Kenny Gorman is a co-founder of ObjectRocket, the premium MongoDB database-as-a-service from Rackspace.
Flying somewhere over Utah in a cramped regional jet, I started thinking about the good old/bad old days of being an Oracle Database Administrator (DBA) 15 years ago.
The DBA has traditionally been the person in charge of strategies, optimization, capacity planning and security for databases that store and supply information to a given application. However, it occurred to me that the role of the DBA has changed dramatically in the last few years, with a lot more changes to come.
As a sign of that change, most of our ObjectRocket customers don’t have DBAs on staff.
This isn’t really a surprise.
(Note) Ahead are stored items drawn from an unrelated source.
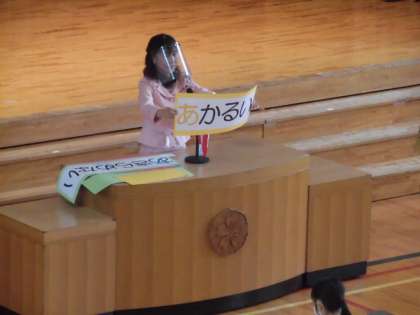 「あ」いさつ 「あ」きらめない 「あ」かるいの
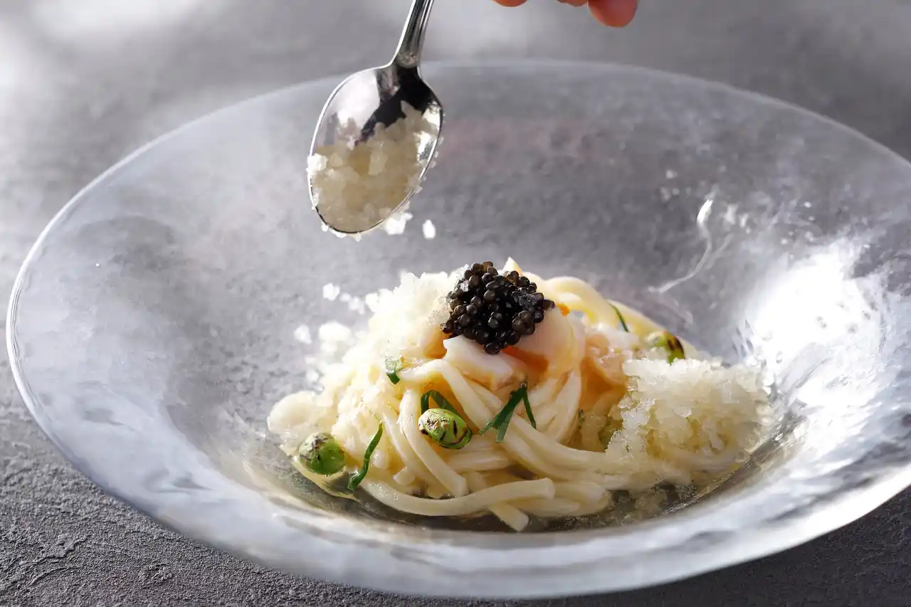 メインに登場するパスタは5種類から選択が可能。『桃と生ハムの冷製パスタ 山椒のアクセント』は、旬の桃を贅沢に使用し、山椒の爽やかさがピリリと心地よい刺激を添える冷製パスタ。目にも涼やかな『ツブ貝とキャビアの冷製パスタ
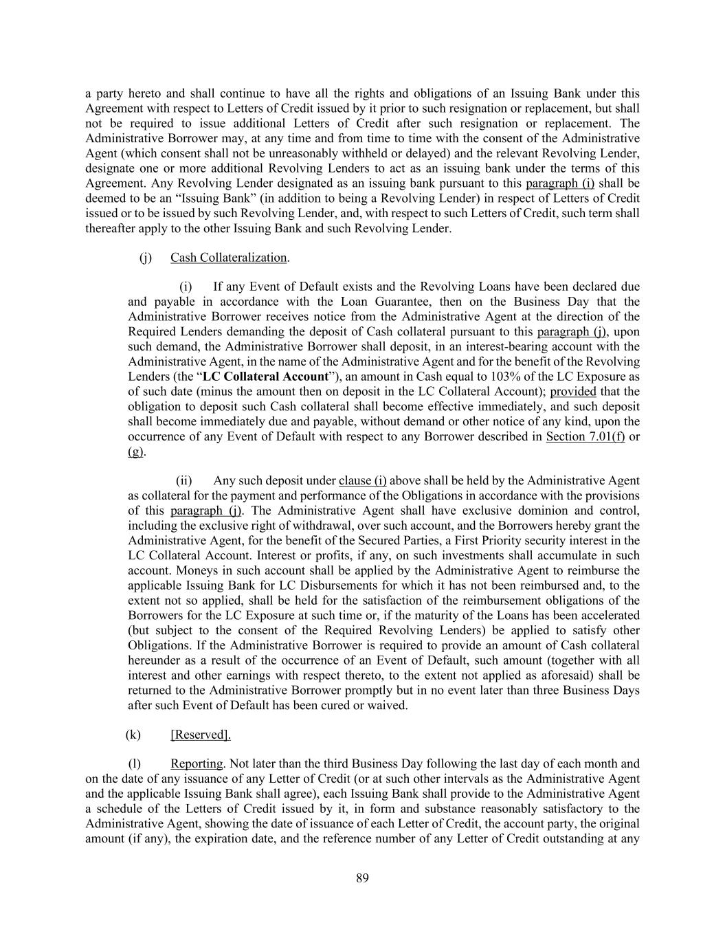 89 a party hereto and shall continue to have all the rights and obligations of an Issuing Bank under this Agreement with respect to Letters of Credit issued by it prior to such resignation or replacement, but shall not be required to issue additional Letters of Credit after such resignation or replacement. The Administrative Borrower may, at any time and from time to time with the consent of the Administrative Agent (which consent shall not be unreasonably withheld or delayed) and the relevant Revolving Lender, designate one or more additional Revolving Lenders to act as an issuing bank under the terms of this Agreement. Any Revolving Lender designated as an issuing bank pursuant to this paragraph (i) shall be deemed to be an “Issuing Bank” (in addition to being a Revolving Lender) in respect of Letters of Credit issued or to be issued by such Revolving Lender, and, with respect to such Letters of Credit, such term shall thereafter apply to the other Issuing Bank and such Revolving Lender. (j) Cash Collateralization. (i) If any Event of Default exists and the Revolving Loans have been declared due and payable in accordance with the Loan Guarantee, then on the Business Day that the Administrative Borrower receives notice from the Administrative Agent at the direction of the Required Lenders demanding the deposit of Cash collateral pursuant to this paragraph (j), upon such demand, the Administrative Borrower shall deposit, in an interest-bearing account with the Administrative Agent, in the name of the Administrative Agent and for the benefit of the Revolving Lenders (the “LC Collateral Account”), an amount in Cash equal to 103% of the LC Exposure as of such date (minus the amount then on deposit in the LC Collateral Account); provided that the obligation to deposit such Cash collateral shall become effective immediately, and such deposit shall become immediately due and payable, without demand or other notice of any kind, upon the occurrence of any Event of Default with respect to any Borrower described in Section 7.01(f) or (g). (ii) Any such deposit under clause (i) above shall be held by the Administrative Agent as collateral for the payment and performance of the Obligations in accordance with the provisions of this paragraph (j). The Administrative Agent shall have exclusive dominion and control, including the exclusive right of withdrawal, over such account, and the Borrowers hereby grant the Administrative Agent, for the benefit of the Secured Parties, a First Priority security interest in the LC Collateral Account. Interest or profits, if any, on such investments shall accumulate in such account. Moneys in such account shall be applied by the Administrative Agent to reimburse the applicable Issuing Bank for LC Disbursements for which it has not been reimbursed and, to the extent not so applied, shall be held for the satisfaction of the reimbursement obligations of the Borrowers for the LC Exposure at such time or, if the maturity of the Loans has been accelerated (but subject to the consent of the Required Revolving Lenders) be applied to satisfy other Obligations. If the Administrative Borrower is required to provide an amount of Cash collateral hereunder as a result of the occurrence of an Event of Default, such amount (together with all interest and other earnings with respect thereto, to the extent not applied as aforesaid) shall be returned to the Administrative Borrower promptly but in no event later than three Business Days after such Event of Default has been cured or waived. (k) [Reserved]. (l) Reporting. Not later than the third Business Day following the last day of each month and on the date of any issuance of any Letter of Credit (or at such other intervals as the Administrative Agent and the applicable Issuing Bank shall agree), each Issuing Bank shall provide to the Administrative Agent a schedule of the Letters of Credit issued by it, in form and substance reasonably satisfactory to the Administrative Agent, showing the date of issuance of each Letter of Credit, the account party, the original amount (if any), the expiration date, and the reference number of any Letter of Credit outstanding at any
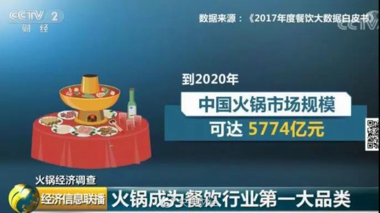 《2017年度餐饮大数据白皮书》的数据显示,截至2017年底,全国餐饮门店有578万个,其中火锅餐饮网点合计数量有29.7万家,占餐饮门店总量的5.1%。此外,近两年,火锅餐饮一直保持着两位数增长,数据公司沙利文预计,到2020年,中国火锅市场规模可达5774亿元。
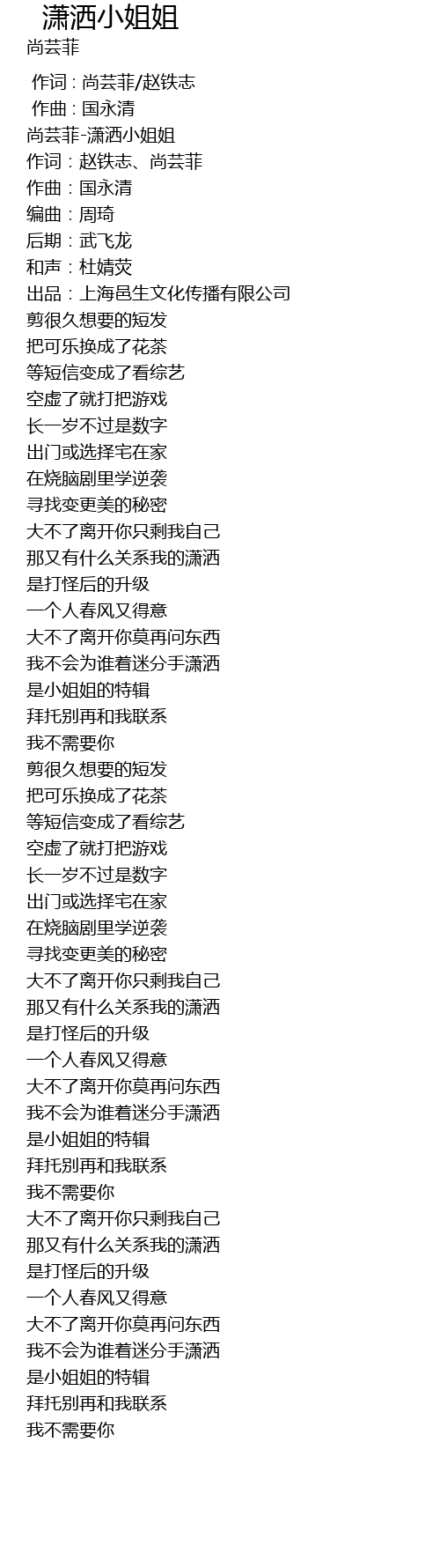 | [00:00.495] | 尚芸菲-潇洒小姐姐 |
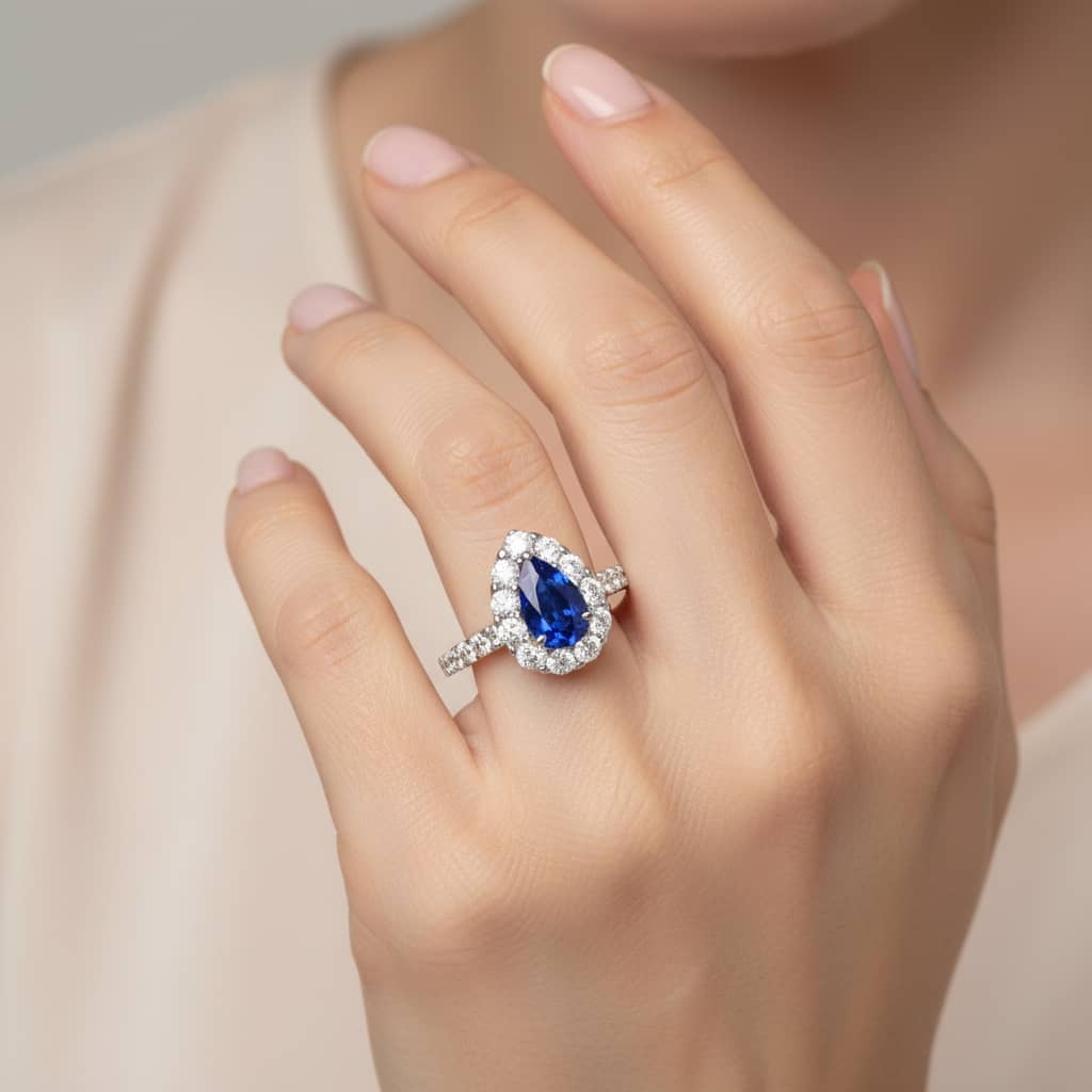 The Silhouette: An elegant pear-shaped sapphire that elongates the finger and maximizes color depth.

As developers have been burdened or perhaps graced with ever-faster development cycles, and as applications rush to market, the role of the DBA continues to slip away. Times to market are down, innovation is up, and the programming languages that enable this kind of agility have exploded in popularity—node.js, php, and python apps are the new commonplace. Everything is just moving faster.
This trend has led developers to seek and adopt technologies that fit the design attributes they’re already using. The traditional Ops department can’t keep up. Initially, cloud-enabled developers began to rise, quickly spooling up prototypes and proof of concepts.
However, this quickly morphed into deploying full-fledged production apps on the cloud. These days, the technology decision maker is the dude with Sublime Text open and a cloud control panel up in Chrome. Indeed, a whole new generation of developers doesn’t even know how to use anything but the cloud.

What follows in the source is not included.